In [1]:
import pyspark
sc = pyspark.SparkContext(appName="maps_and_lazy_evaluation_example")

In [2]:
log_of_songs = [
    "Despacito",
    "Nice for what",
    "No tears left to cry",
    "Despacito",
    "Havana",
    "In my feelings",
    "Nice for what",
    "despacito",
    "All the stars"
]

SparkContext has a method called ```parallelize``` that takes a Python object and distributes the object across the machines in your cluster, so Spark can use its functional features on the dataset.

In [3]:
distributed_song_log = sc.parallelize(log_of_songs)

Nest, use Spark function ```map``` to apply our lowercase lambda function to each song in our dataset:

In [4]:
distributed_song_log.map(lambda song: song.lower())

PythonRDD[1] at RDD at PythonRDD.scala:53

While these steps may run instantly on a local machine, the Spark commands are actually using lazy evaluation; they haven't really converted the songs to lowercase yet.

Spark is still procrastinating to transform the songs into lowercase, since you might have several other processing steps like removing punctuation. 

Spark wants to wait until the last minute to see if it can streamline its work and combine these into a single stage before getting the actual data. 

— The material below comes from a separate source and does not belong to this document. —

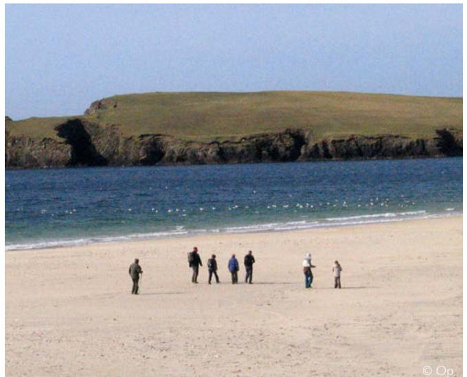
Travelers on the tombolo to St. Ninian's Isle.

This morning we will check out of our hotel and travel south for a visit to Jarlshof, an archaeological site that was occupied for more than 4,000 years. There is a remarkable sequence of stone structures: late Neolithic houses, a Bronze Age village, an Iron Age broch and wheelhouses, a Norse longhouse, a medieval farmstead, and a 16 th -century laird's house. Our next stop is St. Ninian's Isle, which is connected to the mainland by a tombolo (a bar of sand, or shingle). St. Ninian's was settled in pre-Norse times, and the remains of an old chapel are still visible. We will walk across the tombolo and visit the site of the chapel. Back on mainland we will drive to Lerwick. You will have some free time to explore Lerwick, its shops, and the excellent Shetland Museum & Archives, before we take the overnight ferry to Aberdeen at about 5:30pm. We will have dinner aboard the ferry. (B,L,D)

If we want to force Spark to take some action on the data, we can use the ```collect``` function, which gathers the results from all the machines in our cluster back to the machine running this jupyter notebook. 

In [5]:
distributed_song_log.map(lambda song: song.lower()).collect()

['despacito',
 'nice for what',
 'no tears left to cry',
 'despacito',
 'havana',
 'in my feelings',
 'nice for what',
 'despacito',
 'all the stars']

In [6]:
distributed_song_log.collect()

['Despacito',
 'Nice for what',
 'No tears left to cry',
 'Despacito',
 'Havana',
 'In my feelings',
 'Nice for what',
 'despacito',
 'All the stars']

As we can see, the original dataset didn't change, as Spark makes a copy of its input data.